# Can't get microphone to work...



## Eskapism (Oct 2, 2010)

I've recently installed Ubuntu 11.10 with Wubi and I have been trying to setup Skype on it but only my webcam microphone seems to work...

I have the Xonar DG 5.1 Sound Card and it's detected by Linux and I can play audio on it but the mic just doesn't want to work >.<

If it makes a difference, I've got a speaker system plugged into my onboard sound as well which I'm using as default sound for the time being.

Any ideas how I could get my microphone to work guys? Any help appreciated.


----------



## Zarnak (Jan 24, 2012)

First of all. Have you confirmed that the microphone is fully functional?
Secondly. Have you chosen what microphone Skype actually should use?

You can access the options by pressing ctrl + o, microphone options are found under the Sound Devices button.


----------



## Eskapism (Oct 2, 2010)

Well my microphone is working absolutely fine in Windows 7, I'm using it right now on Skype.

But when I'm on Skype in Ubuntu the audio options only lets me select PulseAudio, not my soundcard or anything...


----------



## Zarnak (Jan 24, 2012)

If you disconnect the webcam. Do you still not get the microphone to work?

If you connect the microphone to your PC do you get an entry in /var/log/dmesg ? Use the following command in the terminal to check it out.



> dmesg


----------



## Eskapism (Oct 2, 2010)

My microphone still doesn't work if I unplug the webcam sadly 

Also, that command isn't found? I'm guessing I'll have to install something?

Edit: I tried it with sudo and it seems to work.

I ran the command before and after pluggin the mic into the rear audio port and I don't think there was any change in the log D:

The microphone is part of the SteelSeries Siberia v2 Headset that I use btw.


----------



## Zarnak (Jan 24, 2012)

Doing some research a the moment. Currently installing Ubuntu 11.10 to try to replicate your problem.
I'll get back to you soon.

EDIT : Use Sound Recorder (Native ubuntu application) to see if the operating system actually records any sound.
I've also found out that PulseAudio is very limited in their microphone support and that it is recommended to use ALSA instead.

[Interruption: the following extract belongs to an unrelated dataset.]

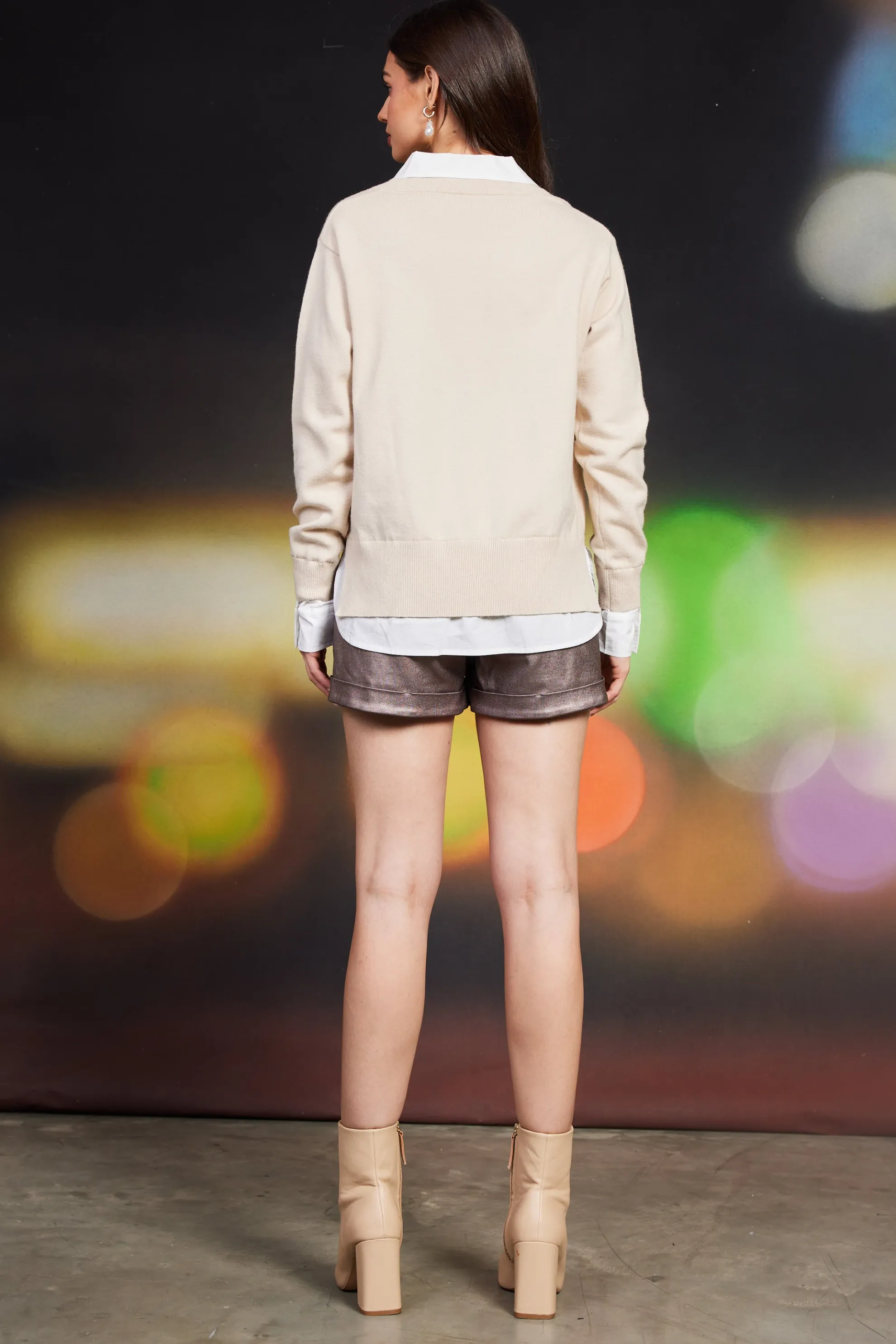 A layered look with zero effort. Contrasting textures come together on a long-sleeve V-neck sweater accented by woven shirting elements.
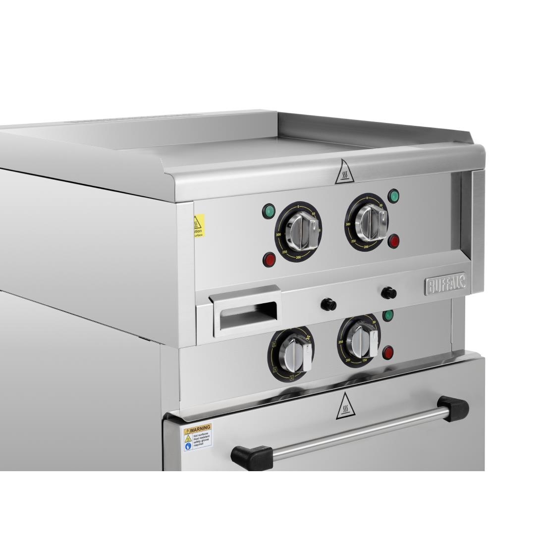 Make the most of your professional kitchen space with the Buffalo 600 Series freestanding electric griddle and convection oven combination. Two separately powered appliances, this incredibly flexible cooking station provides the versatility of a powerful Buffalo 600 Series griddle alongside the capacity and performance of the Buffalo 600 Series convection oven.

I'll post 
ALSA installation issues as soon as I can.

EDIT : When I tried it at home I don't even get to pick PulseAudio as an option. You might be missing some drivers for your motherboards internal sound module as well as your sound card.
I'll keep experimenting though. 

If someone who is more experienced wants to help. Feel free. ^^


----------



## Eskapism (Oct 2, 2010)

I tried the sound recorder, with webcam unplugged, and nothing was recorded 

I installed GNOME ALSA Mixer two days ago but I don't really know what I'm doing with it haha

As for my motherboard it's an Gigabyte M68M-S2P so I'll try and find some drivers for it. My Xonar DG sound card should apparently work fine with Linux, but it's only microphone that doesn't I guess 

Appreciate the help you're giving me man


----------



## Zarnak (Jan 24, 2012)

Well. The ALSA mixer is only a mixer. No drivers or anything like that whatsoever. (From what I can gather).

Unfortunately I still haven't found a solution.


----------



## DVOM (Jun 21, 2002)

I've had problems with the mic in linux, however the actual problem wasn't that the mic wasn't working but that the volume was set to the minimum or it was muted.

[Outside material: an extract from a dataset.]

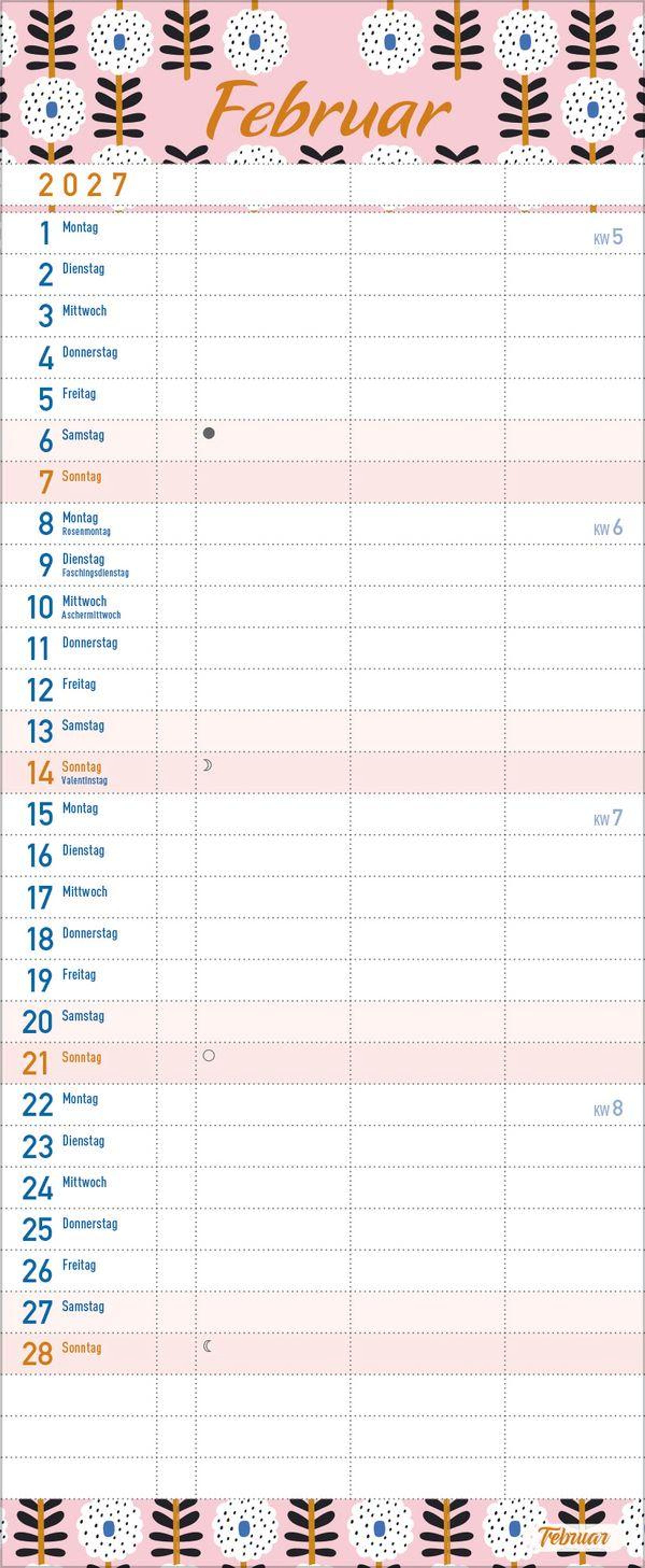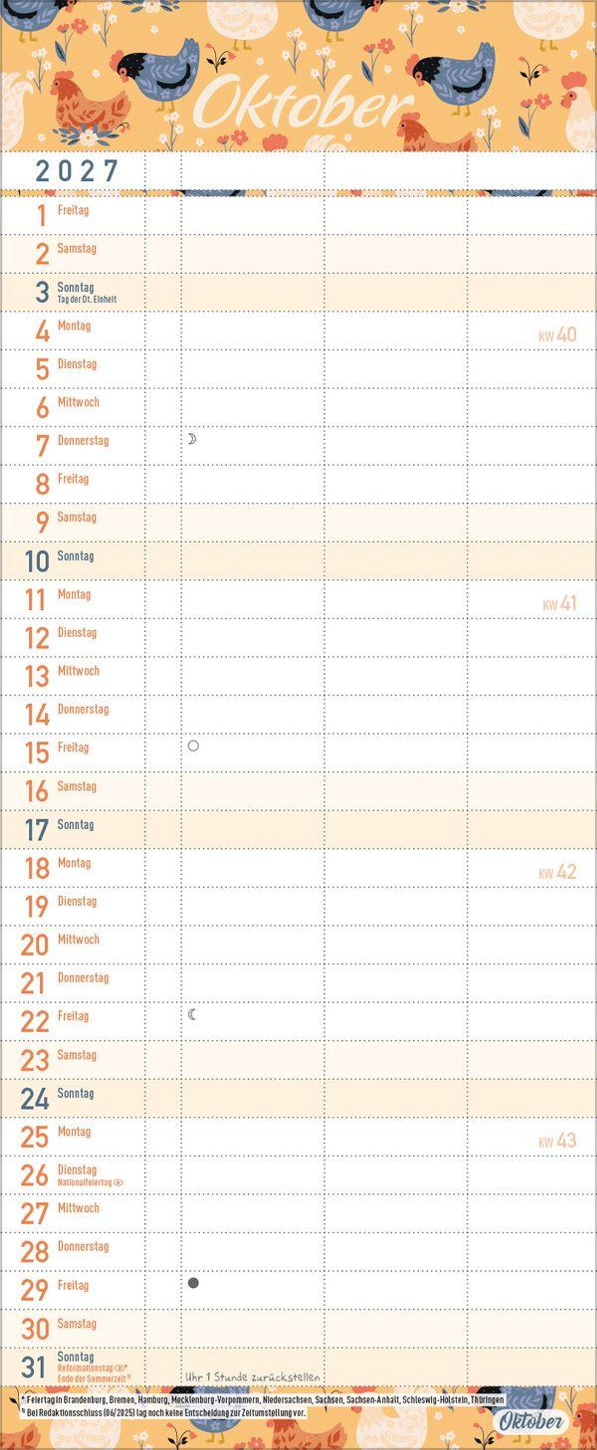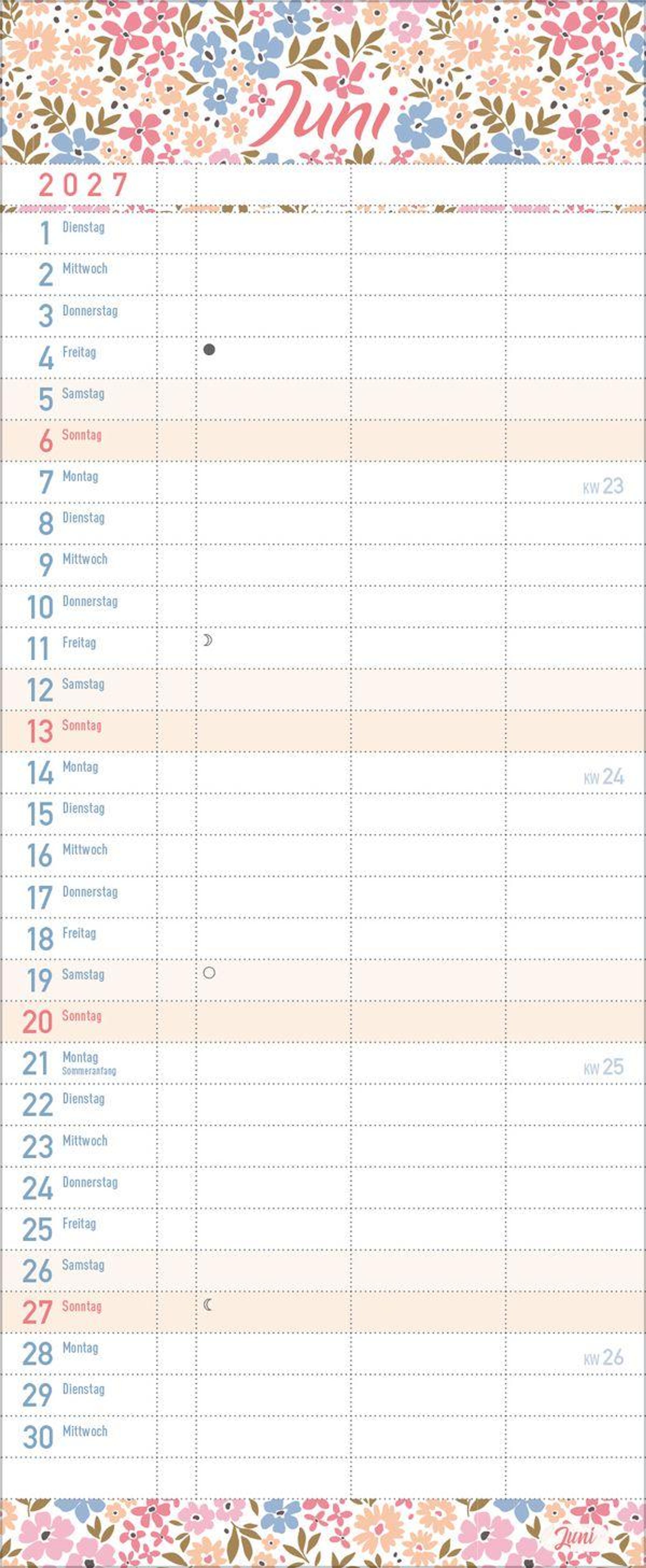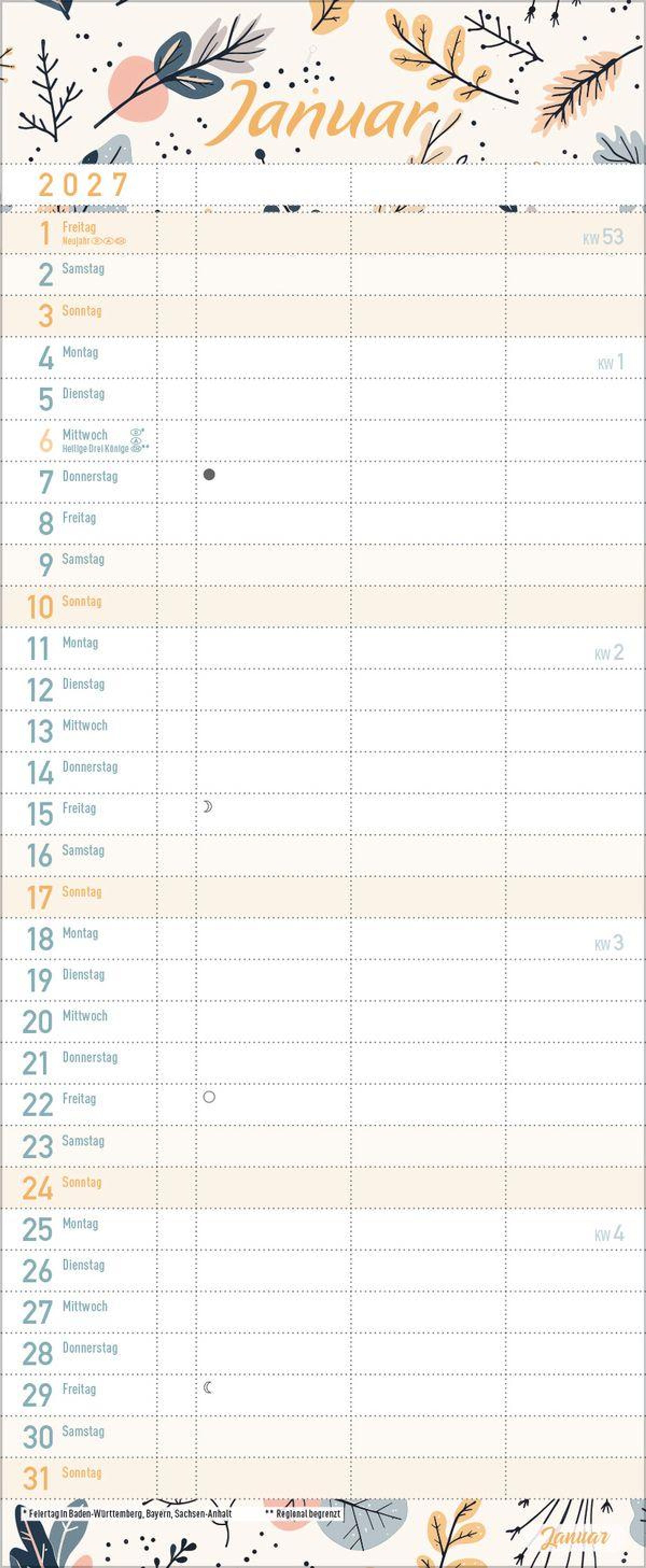 - Familienkalender, 3 Spalten. Familientimer mit Ferienterminen, extra Spalte und Vorschau bis März 2027. Kleines Format: 14 x 34 cm

In my install of ubuntu 11.10 I left click the volume control and select "sound settings" then in "select controls" put a check in "master" and in "microphone". That should give you the ability to adjust the volume on the mic.

On other linux distros I've had to install a different mixer to give me a GUI to adjust the mic volume.


----------



## Zarnak (Jan 24, 2012)

Sorry for a late answer.
I have found nothing as of yet. Although I have tried installing ubuntu 11,10 on two computers with different hardware both of them got other options than AudioPulse by default in Skype.

I saw two Skype-entries in the package manager however. Maybe one of them is a "correct" one? (or it might just have been a bug or something).


----------